_Data shown_:
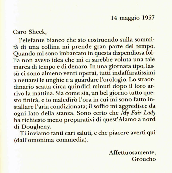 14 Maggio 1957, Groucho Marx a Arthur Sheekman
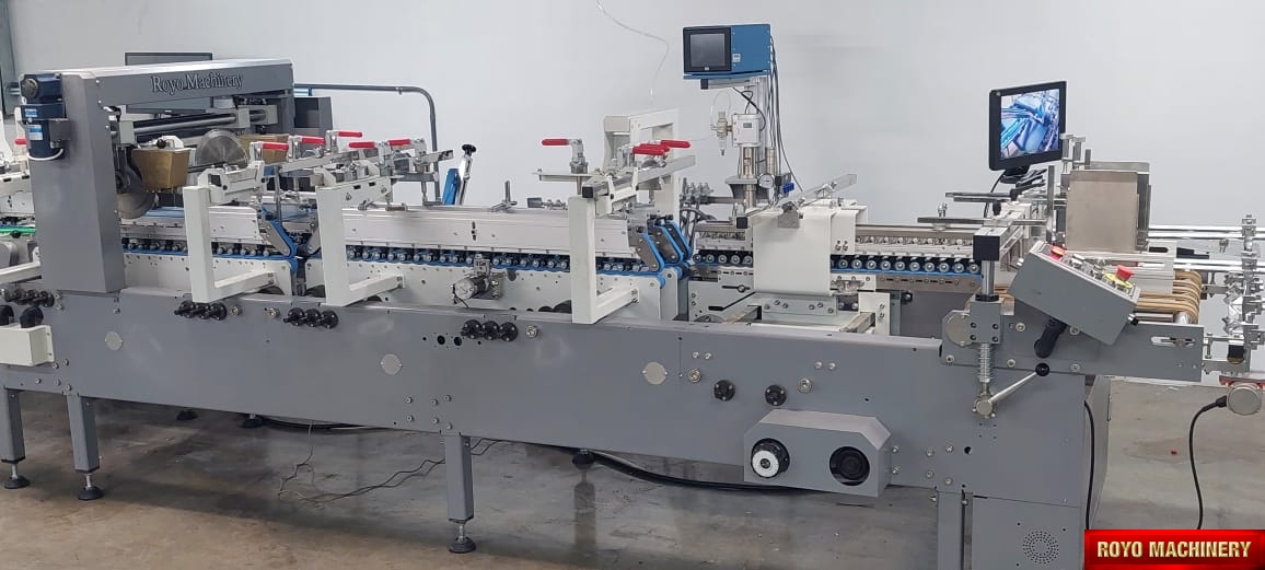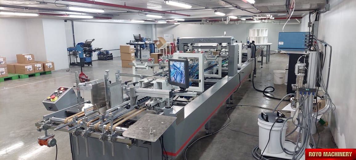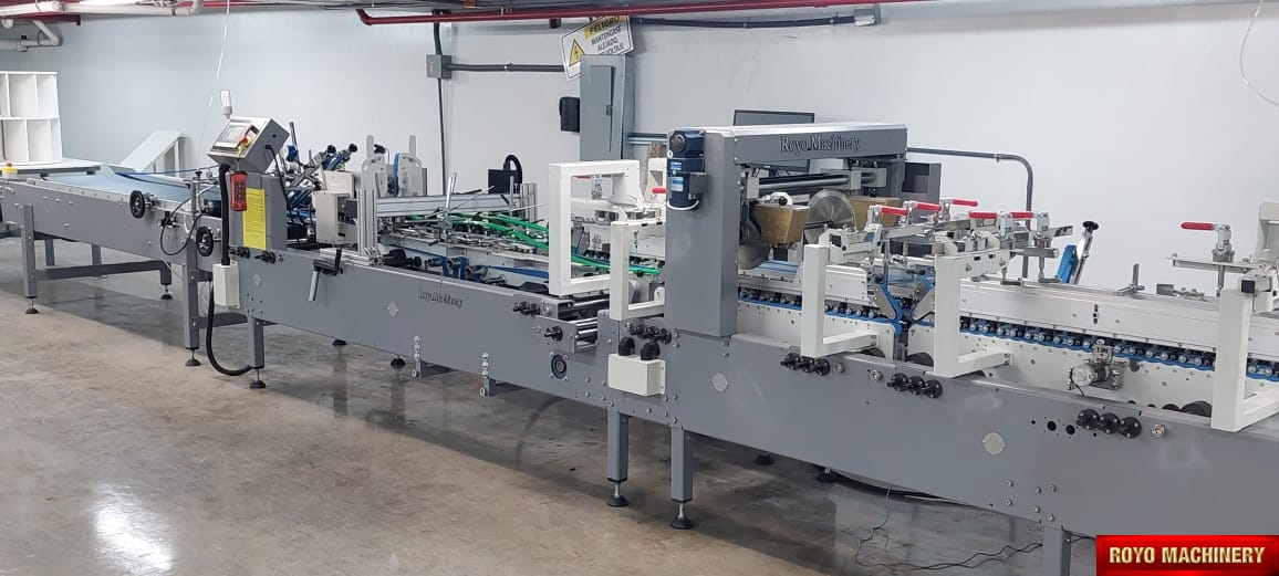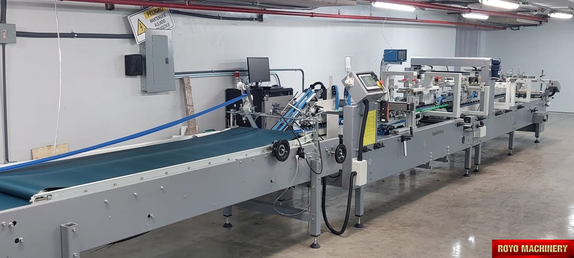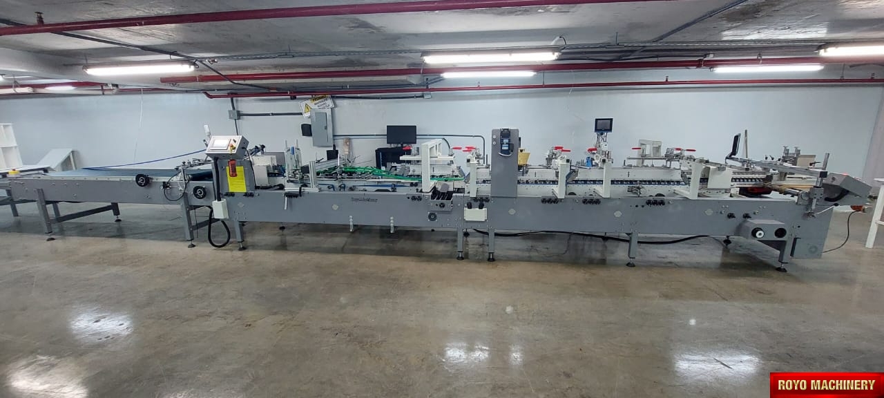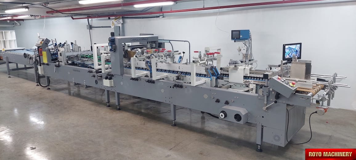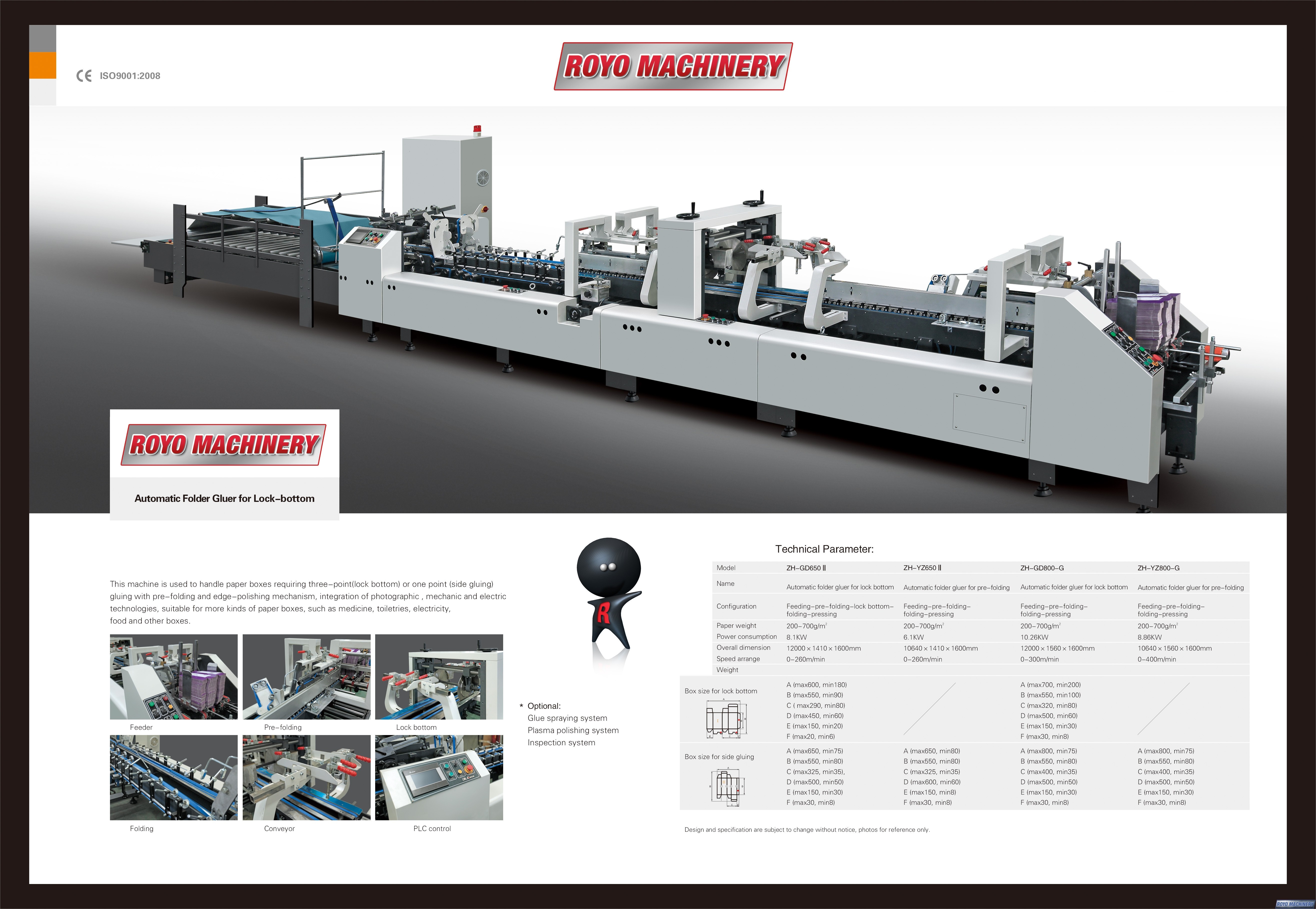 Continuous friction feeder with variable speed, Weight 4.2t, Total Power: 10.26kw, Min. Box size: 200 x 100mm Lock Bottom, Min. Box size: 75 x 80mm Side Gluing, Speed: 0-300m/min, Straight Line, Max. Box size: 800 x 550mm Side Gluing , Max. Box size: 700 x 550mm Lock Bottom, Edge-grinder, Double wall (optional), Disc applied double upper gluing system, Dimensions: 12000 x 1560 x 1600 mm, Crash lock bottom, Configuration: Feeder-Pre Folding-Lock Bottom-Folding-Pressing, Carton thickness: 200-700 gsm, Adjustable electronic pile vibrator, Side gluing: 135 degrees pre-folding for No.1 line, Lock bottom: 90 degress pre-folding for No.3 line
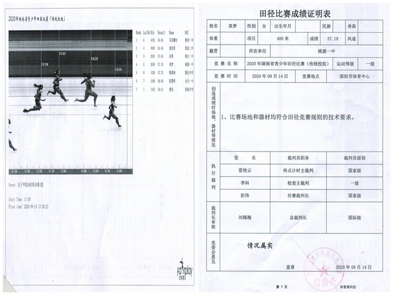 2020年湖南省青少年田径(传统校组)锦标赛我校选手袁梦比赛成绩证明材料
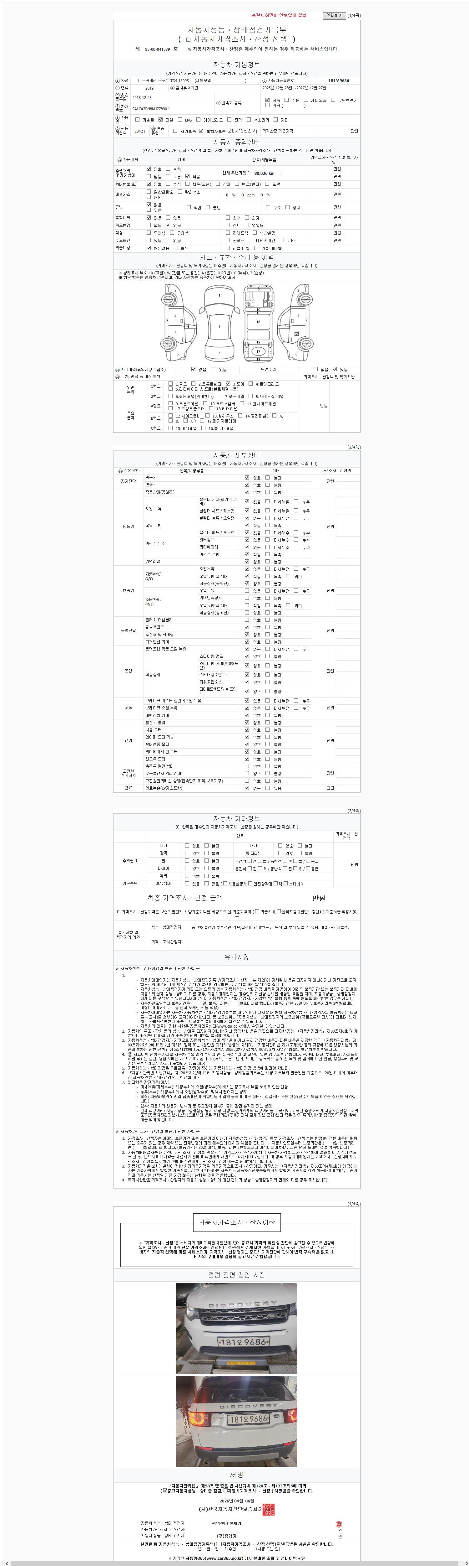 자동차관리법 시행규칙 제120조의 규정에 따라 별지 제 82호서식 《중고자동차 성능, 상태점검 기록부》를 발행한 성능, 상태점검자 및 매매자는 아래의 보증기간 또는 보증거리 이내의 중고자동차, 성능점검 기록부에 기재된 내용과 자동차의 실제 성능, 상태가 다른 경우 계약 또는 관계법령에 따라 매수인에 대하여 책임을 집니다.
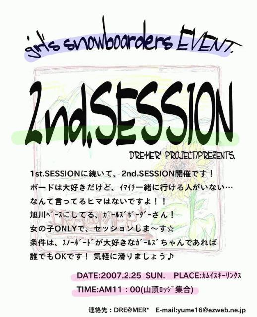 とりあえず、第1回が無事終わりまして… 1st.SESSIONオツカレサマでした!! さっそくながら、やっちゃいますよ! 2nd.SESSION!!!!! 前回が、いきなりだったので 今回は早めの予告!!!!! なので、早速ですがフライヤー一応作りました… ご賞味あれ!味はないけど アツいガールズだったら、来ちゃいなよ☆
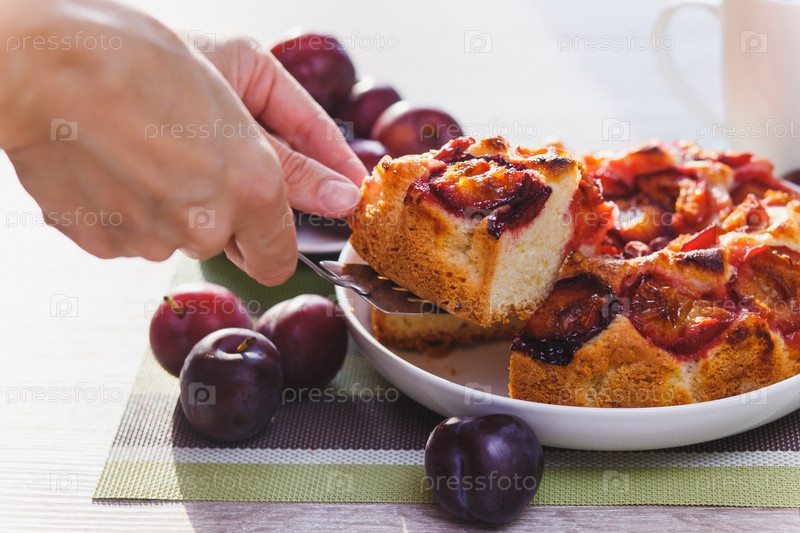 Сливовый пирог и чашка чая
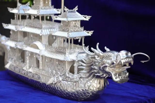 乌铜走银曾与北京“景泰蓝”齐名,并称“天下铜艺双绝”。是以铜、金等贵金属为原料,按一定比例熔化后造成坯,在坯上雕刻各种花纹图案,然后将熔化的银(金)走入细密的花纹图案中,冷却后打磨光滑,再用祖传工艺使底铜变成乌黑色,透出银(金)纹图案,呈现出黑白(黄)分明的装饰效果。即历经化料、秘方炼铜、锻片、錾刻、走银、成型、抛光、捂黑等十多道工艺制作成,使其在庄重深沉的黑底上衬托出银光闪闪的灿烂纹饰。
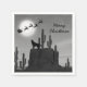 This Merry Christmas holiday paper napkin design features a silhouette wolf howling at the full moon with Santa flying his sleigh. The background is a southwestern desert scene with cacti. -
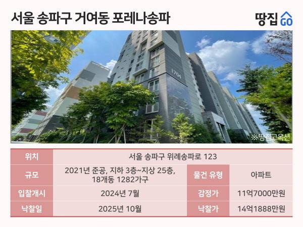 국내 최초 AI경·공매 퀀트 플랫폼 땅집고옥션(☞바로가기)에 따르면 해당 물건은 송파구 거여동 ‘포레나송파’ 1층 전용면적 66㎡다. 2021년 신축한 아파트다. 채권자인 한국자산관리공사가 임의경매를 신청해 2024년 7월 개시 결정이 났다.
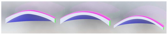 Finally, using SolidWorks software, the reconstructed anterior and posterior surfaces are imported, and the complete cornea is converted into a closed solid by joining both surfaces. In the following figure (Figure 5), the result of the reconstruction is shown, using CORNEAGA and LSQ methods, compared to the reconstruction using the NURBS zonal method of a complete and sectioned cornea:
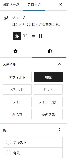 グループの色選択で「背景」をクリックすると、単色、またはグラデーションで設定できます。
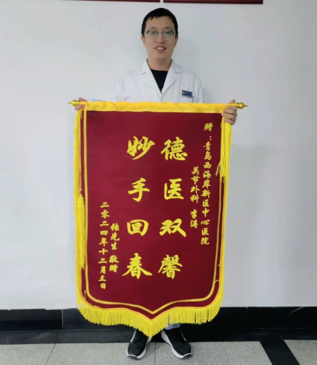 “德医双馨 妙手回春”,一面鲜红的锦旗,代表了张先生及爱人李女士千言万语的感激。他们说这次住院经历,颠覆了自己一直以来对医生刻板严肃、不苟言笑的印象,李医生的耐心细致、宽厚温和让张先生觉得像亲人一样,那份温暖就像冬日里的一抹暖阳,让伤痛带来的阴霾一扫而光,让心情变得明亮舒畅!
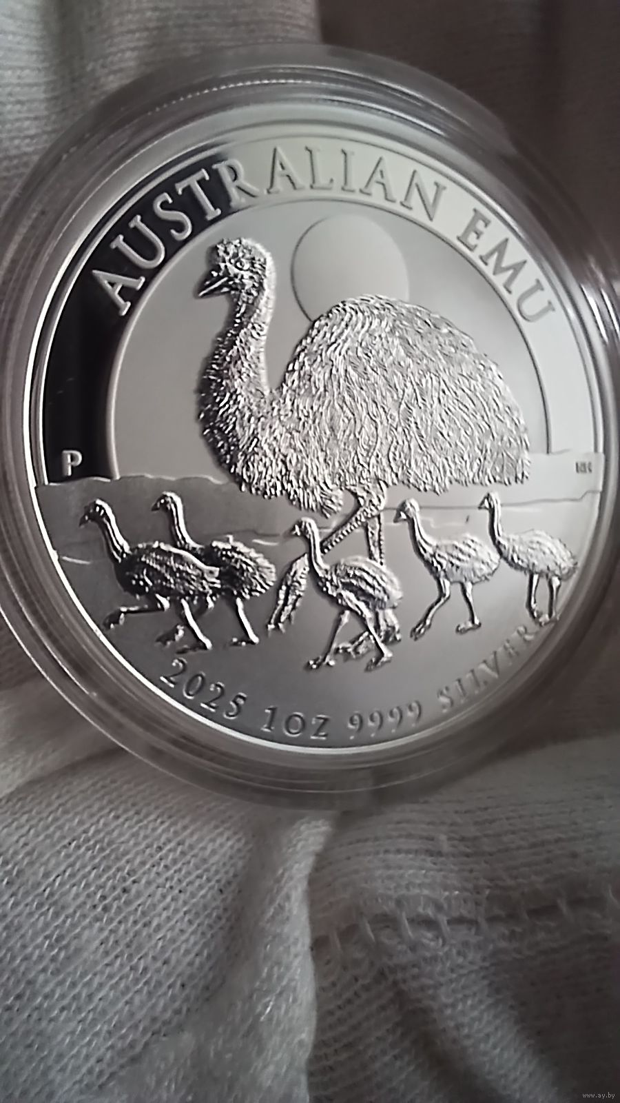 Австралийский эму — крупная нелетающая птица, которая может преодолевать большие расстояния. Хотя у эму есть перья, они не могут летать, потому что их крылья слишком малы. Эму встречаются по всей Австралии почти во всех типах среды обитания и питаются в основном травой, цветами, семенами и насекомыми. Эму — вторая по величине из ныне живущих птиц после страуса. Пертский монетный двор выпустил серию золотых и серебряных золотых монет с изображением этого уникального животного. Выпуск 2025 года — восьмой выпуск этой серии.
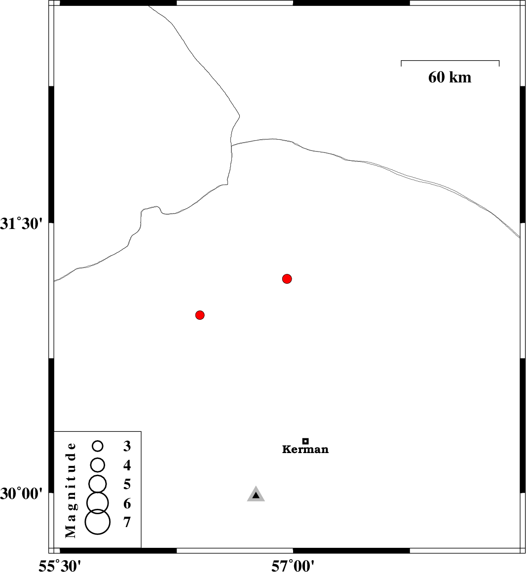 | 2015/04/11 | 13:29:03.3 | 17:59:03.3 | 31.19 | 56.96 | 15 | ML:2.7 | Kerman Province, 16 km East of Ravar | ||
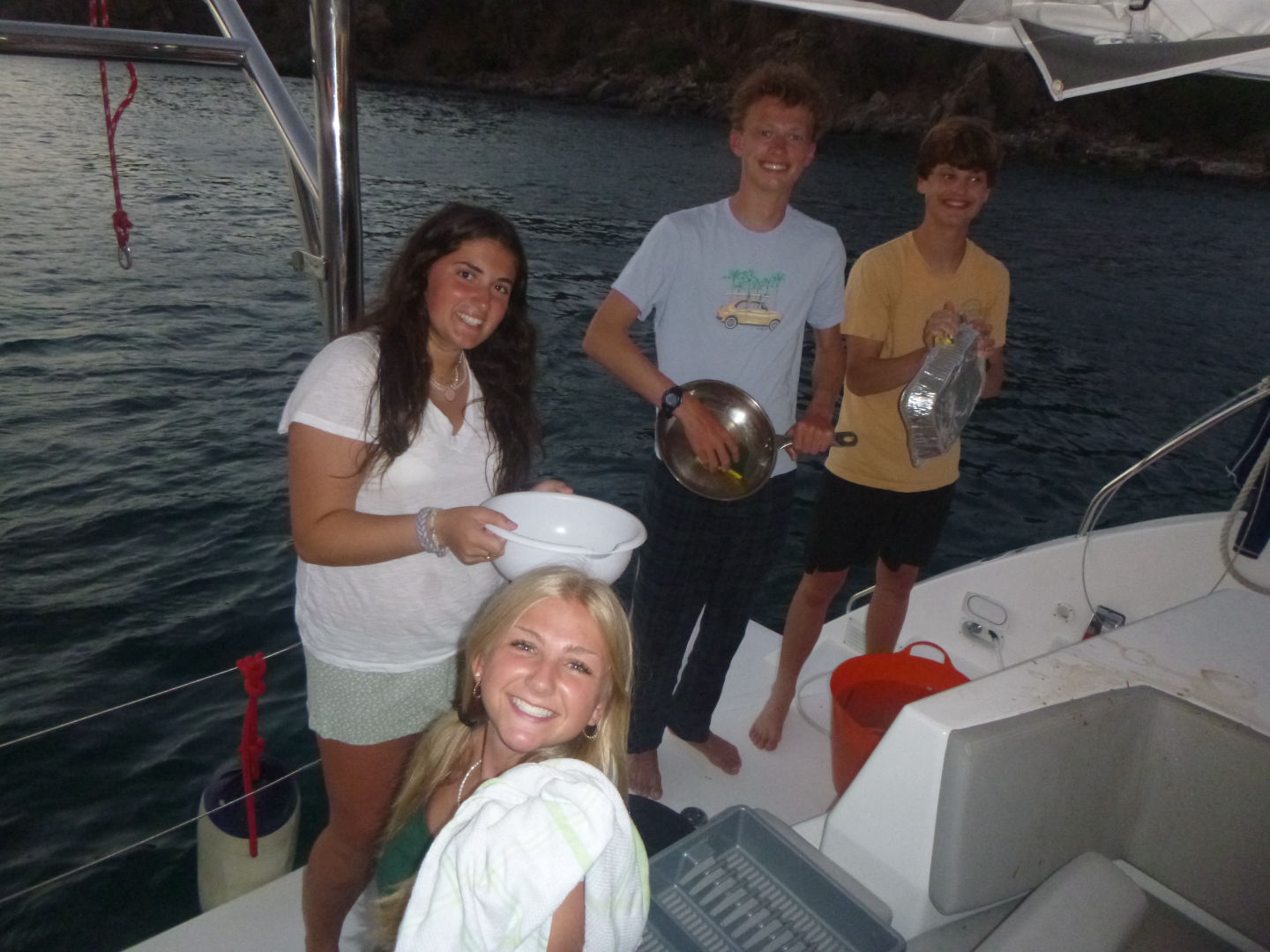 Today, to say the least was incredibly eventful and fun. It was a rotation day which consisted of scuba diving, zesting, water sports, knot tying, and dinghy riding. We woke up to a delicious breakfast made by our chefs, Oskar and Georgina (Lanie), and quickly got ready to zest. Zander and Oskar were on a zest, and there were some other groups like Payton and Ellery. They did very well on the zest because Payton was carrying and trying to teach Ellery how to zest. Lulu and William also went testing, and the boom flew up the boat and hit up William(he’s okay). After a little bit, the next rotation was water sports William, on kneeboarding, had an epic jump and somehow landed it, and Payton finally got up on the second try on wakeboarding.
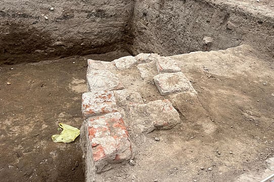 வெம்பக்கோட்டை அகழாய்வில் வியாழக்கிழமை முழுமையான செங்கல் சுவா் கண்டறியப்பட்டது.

_Work instruction_:
Write out all the entries exactly, except for the pictures.

_Answer to the problem_:
 14 Maggio 1957, Groucho Marx a Arthur Sheekman
 Continuous friction feeder with variable speed, Weight 4.2t, Total Power: 10.26kw, Min. Box size: 200 x 100mm Lock Bottom, Min. Box size: 75 x 80mm Side Gluing, Speed: 0-300m/min, Straight Line, Max. Box size: 800 x 550mm Side Gluing , Max. Box size: 700 x 550mm Lock Bottom, Edge-grinder, Double wall (optional), Disc applied double upper gluing system, Dimensions: 12000 x 1560 x 1600 mm, Crash lock bottom, Configuration: Feeder-Pre Folding-Lock Bottom-Folding-Pressing, Carton thickness: 200-700 gsm, Adjustable electronic pile vibrator, Side gluing: 135 degrees pre-folding for No.1 line, Lock bottom: 90 degress pre-folding for No.3 line
 2020年湖南省青少年田径(传统校组)锦标赛我校选手袁梦比赛成绩证明材料
 자동차관리법 시행규칙 제120조의 규정에 따라 별지 제 82호서식 《중고자동차 성능, 상태점검 기록부》를 발행한 성능, 상태점검자 및 매매자는 아래의 보증기간 또는 보증거리 이내의 중고자동차, 성능점검 기록부에 기재된 내용과 자동차의 실제 성능, 상태가 다른 경우 계약 또는 관계법령에 따라 매수인에 대하여 책임을 집니다.
 とりあえず、第1回が無事終わりまして… 1st.SESSIONオツカレサマでした!! さっそくながら、やっちゃいますよ! 2nd.SESSION!!!!! 前回が、いきなりだったので 今回は早めの予告!!!!! なので、早速ですがフライヤー一応作りました… ご賞味あれ!味はないけど アツいガールズだったら、来ちゃいなよ☆
 Сливовый пирог и чашка чая
 乌铜走银曾与北京“景泰蓝”齐名,并称“天下铜艺双绝”。是以铜、金等贵金属为原料,按一定比例熔化后造成坯,在坯上雕刻各种花纹图案,然后将熔化的银(金)走入细密的花纹图案中,冷却后打磨光滑,再用祖传工艺使底铜变成乌黑色,透出银(金)纹图案,呈现出黑白(黄)分明的装饰效果。即历经化料、秘方炼铜、锻片、錾刻、走银、成型、抛光、捂黑等十多道工艺制作成,使其在庄重深沉的黑底上衬托出银光闪闪的灿烂纹饰。
 This Merry Christmas holiday paper napkin design features a silhouette wolf howling at the full moon with Santa flying his sleigh. The background is a southwestern desert scene with cacti. -
 국내 최초 AI경·공매 퀀트 플랫폼 땅집고옥션(☞바로가기)에 따르면 해당 물건은 송파구 거여동 ‘포레나송파’ 1층 전용면적 66㎡다. 2021년 신축한 아파트다. 채권자인 한국자산관리공사가 임의경매를 신청해 2024년 7월 개시 결정이 났다.
 Finally, using SolidWorks software, the reconstructed anterior and posterior surfaces are imported, and the complete cornea is converted into a closed solid by joining both surfaces. In the following figure (Figure 5), the result of the reconstruction is shown, using CORNEAGA and LSQ methods, compared to the reconstruction using the NURBS zonal method of a complete and sectioned cornea:
 グループの色選択で「背景」をクリックすると、単色、またはグラデーションで設定できます。
 “德医双馨 妙手回春”,一面鲜红的锦旗,代表了张先生及爱人李女士千言万语的感激。他们说这次住院经历,颠覆了自己一直以来对医生刻板严肃、不苟言笑的印象,李医生的耐心细致、宽厚温和让张先生觉得像亲人一样,那份温暖就像冬日里的一抹暖阳,让伤痛带来的阴霾一扫而光,让心情变得明亮舒畅!
 Австралийский эму — крупная нелетающая птица, которая может преодолевать большие расстояния. Хотя у эму есть перья, они не могут летать, потому что их крылья слишком малы. Эму встречаются по всей Австралии почти во всех типах среды обитания и питаются в основном травой, цветами, семенами и насекомыми. Эму — вторая по величине из ныне живущих птиц после страуса. Пертский монетный двор выпустил серию золотых и серебряных золотых монет с изображением этого уникального животного. Выпуск 2025 года — восьмой выпуск этой серии.
 | 2015/04/11 | 13:29:03.3 | 17:59:03.3 | 31.19 | 56.96 | 15 | ML:2.7 | Kerman Province, 16 km East of Ravar | ||
 Today, to say the least was incredibly eventful and fun. It was a rotation day which consisted of scuba diving, zesting, water sports, knot tying, and dinghy riding. We woke up to a delicious breakfast made by our chefs, Oskar and Georgina (Lanie), and quickly got ready to zest. Zander and Oskar were on a zest, and there were some other groups like Payton and Ellery. They did very well on the zest because Payton was carrying and trying to teach Ellery how to zest. Lulu and William also went testing, and the boom flew up the boat and hit up William(he’s okay). After a little bit, the next rotation was water sports William, on kneeboarding, had an epic jump and somehow landed it, and Payton finally got up on the second try on wakeboarding.
 வெம்பக்கோட்டை அகழாய்வில் வியாழக்கிழமை முழுமையான செங்கல் சுவா் கண்டறியப்பட்டது.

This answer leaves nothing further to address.